Excellent sources of vitamin B6 include spinach, bell peppers, and turnip greens. Very good food sources of vitamin B6 include garlic, tuna, cauliflower, mustard greens, banana, celery, cabbage, crimini mushrooms, asparagus, broccoli, kale, collard greens, Brussels sprouts, cod and chard.
Vitamin C. Vitamin C is an antioxidant, along with vitamin E, beta-carotene, and many other plant-based nutrients. Antioxidants block some of the damage caused by free radicals, which occur naturally when our bodies transform food into energy. The build-up of free radicals over time may be largely responsible for the aging process and can contribute to the development of health conditions such as cancer, heart disease, and arthritis.

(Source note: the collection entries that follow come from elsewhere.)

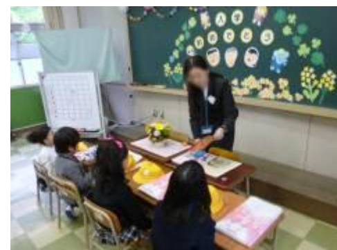
<入学式の日 教室での様子>

4月10日（金）に入学式を行い、61名の新1年生が入学してきました。これで全校児童がそろい、315名になりました。
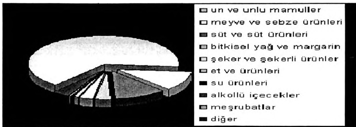
Şekil 1. Türkiye gıda sektörünün alt sektörler itibariyle dağılımı

2005 yılı verileri göz önüne alındığında, ülkemizdeki gıda sektörünün alt sektörler itibariyle dağılımı aşağıdaki gibidir (Anonim, 2005a).
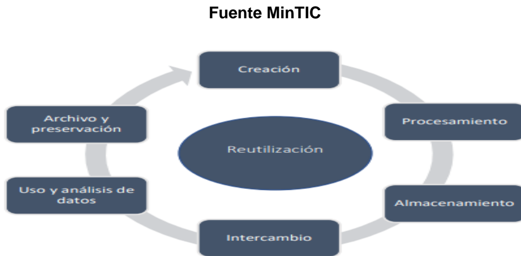
Ilustración 4 Ciclo de vida del dato

La gestión del ciclo de vida del dato es un proceso indispensable para alcanzar el aprovechamiento de los datos dispuestos en Entidad. El ciclo de vida de los datos está integrado por diferentes fases como se muestra a continuación:
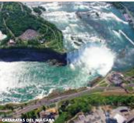
CATARATAS DEL NIÁGARA

Some excellent sources of vitamin C are oranges, green peppers, watermelon, papaya, grapefruit, cantaloupe, strawberries, kiwi, mango, broccoli, tomatoes, Brussels sprouts, cauliflower, cabbage, and citrus juices or juices fortified with vitamin C. Raw and cooked leafy greens (turnip greens, spinach), red and green peppers, canned and fresh tomatoes, potatoes, winter squash, raspberries, blueberries, cranberries, and pineapple are also rich sources of vitamin C
Vitamin E. Vitamin E is a fat-soluble vitamin which helps protects vitamin A and essential fatty acids from oxidation in the body. Studies have shown that Vitamin E reduces the risk of coronary artery disease by limiting the oxidation of LDL-cholesterol.
Vitamin E has also been called the “sex vitamin,” as it plays an important role in the production of sex hormones, protecting them from oxidation and degradation. It has a protective effect on sperm cell membranes, and can also aid in improving sperm motility.
Excellent sources of vitamin E include mustard greens, turnip greens, chard, and sunflower seeds. Other good sources include almonds, spinach, collard greens, parsley, kale, papaya, olives, bell pepper, brussels sprouts, kiwifruit, tomato, blueberries, and broccoli.